I'm sure dogs in nature are never separated from pack members by boundaries... pack members are always in close proximity to each other. If your dog views you as a full-fledged pack member, he will want to be aware of your whereabouts as much as possible... often that's why they keep 'checking-in with us' so very frequently... its what real pack members do. If you view your dog as a full-fledged family member you will actually want that type of connection... do you like it when your kid or spouse phones home to say where they are or if they will be late? We crave that close connection with true family members.

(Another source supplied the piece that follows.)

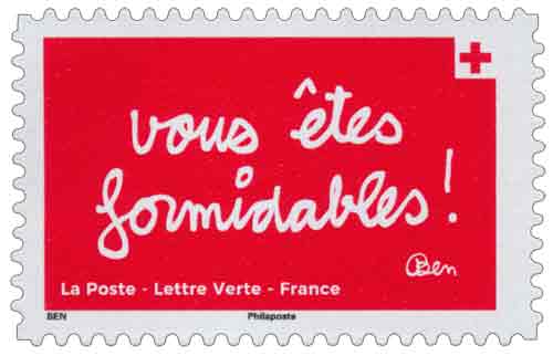 | Description | Provenant du carnet de 10 timbres-poste illustrés par des mots-images de BEN plein d’espoir, d’engagement et générosité. |
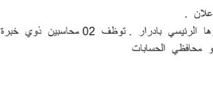 ديوان الاستشارة و الخبرة مؤسسة خاصة مقرها الرئيسي بادرار . توظف 02 محاسبين ads شرط خبرة لاتقل عن 05 سنوات و يفضل ان تكون الخبرة ممارسة في مكاتب الخبير المحاسب او محافظي الحسابات يرجى من المهتمين التواصل على البريد الالكتروني CCEYOALEB@GMAIL .COM

I believe the real difference in view points here is how one relates to their dog. To some, dogs are just animals or pets (in the classical sense) and exist within some sort of ranking system which makes them less deserving somehow... to others, dogs are just another family member to be concerned about and loved with the same intensity as any other family member. It is this difference of opinion/mindset as to where a dog fits into the scheme of a human's life that, I believe, is the real misunderstanding in this thread. I'm not saying one way is right or wrong, or that a 'mere backyard pet' cannot be loved or cared for properly... its just that there is more enjoyment to be had by allowing a dog to become a real full-fledged family member. Remember a dog will accept and be grateful for whatever life you allow him to have (so long as its void of cruelty)... he will adapt, what other choice does he have?


----------



## FlyingQuizini (Oct 24, 2006)

monomer said:


> I know I'm probably coming off as a broken record (for those of you old enough to remember what records were) and I hate it most of all when I find myself repeating previous points I've made... nevertheless, here I go and...
> 
> Animal cruelty is not dependant upon where the dog is located... cruelty can happen in the house, in the backyard, in the street, in a shelter, anywhere.
> 
> ...


Very well said, Mon!


----------



## vrocco1 (Feb 25, 2006)

You Da man, Monomer! BTW... I remember what a record is, and when one cost somewhat less then a dollar


----------



## daddysgirl (Feb 27, 2007)

pjd001 said:


> I think that is a very critical comment and almost borders on nasty. You have no right to say that 'how does your dog know you love her' And the 'exercise she gets is her trying to get away' If your dog is loved whether they are an inside or outside dog and they are healthy and happy then that should be enough. Criticising anothers choice and judging whether the dog is loved or not and the owners motives is not fair and a forum like this is no way to judge anyone's credibility as an owner. Shame on you.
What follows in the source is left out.